When we take a moment to ask ourselves if we are about to make the best or right choice, we sometimes realize that we may need a little help. Let’s be honest; as much as we all think, at times, that we would be better off if everybody would just leave us alone, we simply cannot make it in this world alone. English priest and poet John Donne said it best; “No man is an island.” Advice, support, and encouragement are integral to our development as humans. Some people are more comfortable than others in seeking it out, and some people are more comfortable that others providing it. A large part of a person’s character is his or her willingness to be of service to others. Coincidentally, this is yet another pair of shoes National Honor Society members must wear. How poetic to step into your service shoes to actually provide shoes, if necessary, to someone less fortunate. To paraphrase Irish writer Oscar Wilde, “Live the poetry you cannot write; let others write the poetry they dare not live.” In other words, let your actions speak the intentions of your heart. Put yourself in another’s shoes and walk where others fear to tread.

When these National Honor Society members, as well as any of us here today, combine the effort of academic excellence – which is directed by character – to a sensitivity for helping others, there is a pretty good chance that someone else may take notice, be inspired to do the same, see the value and rewards of these pillars. That inspiration, whether loudly and clearly verbalized, or quietly exhibited through honorable actions, is called leadership; the fourth and culminating pillar of National Honor Society.

Now I wish I could tell you that these shoes are comfortable. They are not! I associate them with loss and pain; the emotional pain only made more prominent by the heel blisters they almost immediately begin to rub. But thankfully, I can now add hope and honor to their soul, while still being reminded of the sacrifice. I wish I could be assured that they are stylish or fashionable. Frankly, I don’t care! So why wear them? Because they fit. They fit occasions such as this. They fit my sense of respect for and admiration of individuals who strive to put their best foot forward, for their own sake and for the sake of others.
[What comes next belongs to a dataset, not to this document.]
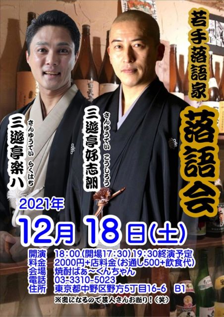 以前くんちゃんで開催されていたお笑いライブにも度々出演してくれていた西村くんですが、2016年に三遊亭好楽に弟子入りし、三遊亭西村として落語家に転身。 2020年6月に二つ目に昇進し、三遊亭好志朗に改名。 昨年9月にはくんちゃんにて、『三遊亭好志朗勉強会』を開催。 今年4月には、兄弟子にあたる三遊亭楽八さんとの二人会を実施し、今回はその第5回目となります。 そして、好志朗くんは、今年の『NHK新人落語大賞』決勝に進出! 11/23にはその結果が明らかに コロナ禍で鬱積したストレスを落語で吹き飛ばしてみてはいかがー。

Current NHS members and today’s inductees; you all will, as some of you already have realized that YOUR shoes will not be easy to wear. They will require sacrifice for the service of others. They will require mental strength and perseverance in the pursuit of knowledge. They will require courage to step forward and lead the way. And they will require the unbreakable laces of character to keep the pillars firmly grounded in your hearts and in your actions.

But you will wear them and you will wear them proudly. Why? Because they fit. They fit who you are as individuals; they fit who you are striving to become as leaders; and most importantly, they fit your visions of the adults you see yourselves becoming; the destinies you see yourselves fulfilling. Needless to say, you have big shoes to fill, but as members of National Honor Society, part of your destiny IS to fill them, to the very best of your capabilities. Learn passionately – Serve humbly – Lead compassionately – and live honorably.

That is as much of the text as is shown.